Hi guys - just got my soil test results from Waypoint in Richmond. The results were a bit surprising. I assumed that my overall weak color of my lawn was due in part to low iron, but the results don't seem to bear that out. Looks like I'm really low in P and K.

So far this year I have put down 0.3 lb/N of Urea and a 1/2 app of prodiamine 0-0-7 granular in late March, and last weekend I put down Carbon X at the 0.5 lb/N rate and sprayed Simple Lawn Solutions Soil Loosener and Soil Hume. 
Image

Last 3 years I've had a lawn service for herbicides and fertilizer, but I decided I wanted to take matters into my own hands this year. Lawn is mostly TTTF, with a ~ 200 sqft section of Zoysia on the side. Lawn service had been overseeding with TTTF fall and spring to recover from damage from the prior owners. I overseeded with KBG last year to increase reparability of the turf. Any thoughts on how to approach a plan for improving the soil this year?


----------



## g-man (Jun 15, 2017)

Your pH is slightly low. You will need to apply calcitic lime at 30lb/ksqft.

Phosphorous, potassium and sulfur are also low. A balanced fertilizer will be a good candidate, but you mentioned zoysia. Zoysia doesnt love a lot of nitrogen (from what I've been told). This means that you should look into separate rates of products to apply independently. Check the Soil Remediation Guide for some options.

Maryland has some restrictions in regards to phosphorous. Check the local laws around it.


----------



## Ironman77 (Aug 27, 2019)

Thanks @g-man. If I've done the math right, I think I can satisfy the P by 2 bag rate applications of milorganite over the summer, which would also comply with Maryland law. The should give me very close to 1 lb/k of P. My thought for the K was to obtain some 0-0-50, and apply in 4 monthly applications at 0.75 lb/k. The sulfur in the sulfate of potash should help with the S deficiency as well. That would leave me with room to do a nitrogen blitz in the fall.

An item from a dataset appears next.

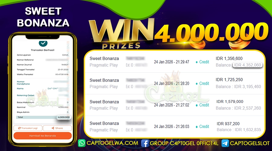 CAPTOGEL – Selamat Kepada Pemenang User ID: oe***w dalam permainan SWEET BONANZA sebesar Rp 4.000.000 24 JANUARI 2026 – bermain di situs game online terpercaya […]

Does this make sense? In addition, when is the best time to apply calcitic lime? Is it in the fall? Should I do separate apps or all at once?


----------



## g-man (Jun 15, 2017)

I think you need more P than 2 bag of milo. Plus milo will give your zoysia more nitrogen. Pottasium with SOP is great, but go with 2lb of SOP/ksqft (1lb of P/ksqft) monthly for this year and likely next. Apply lime today if possible.


----------



## Ironman77 (Aug 27, 2019)

I just got my 2021 soil test from Waypoint, so I thought I would share the results to determine what progress (if any) I made in improving my soil last year.

Ph - Went up 0.1 from 6.3 to 6.4
P - up to low end of optimum range
K - still very low, but better than the last test
Ca up slightly, Mg down
Sulfur and Boron still low
Iron still off the charts high

So what did I apply last year? CarbonX and calcitic lime in the spring, Monthly apps of SOP of 1 lb per 1K, Milo monthly during the summer, starter fert when I did my overseed in the fall, followed by urea in the fall. I did not topdress with compost last year, but tried to always mulch mow, so I'd like to think that accounted for the increase in organic matter.

I did start using humic acid last year, but I'm not sure what effect, if any, that had on the test.

I plan on throwing down the calcitic lime this month, prior to an overseed of my backyard this spring. Temp is right to apply pre-emergent, and I have some granular prodiamine I will use in the front and on the sides. I'll spray tenacity at seed down in the back. Looks like I need to continue the monthly apps of SOP, and probably increase the ratio. I'll probably continue to throw in some humic acid in the mix this year.

Any thoughts?


----------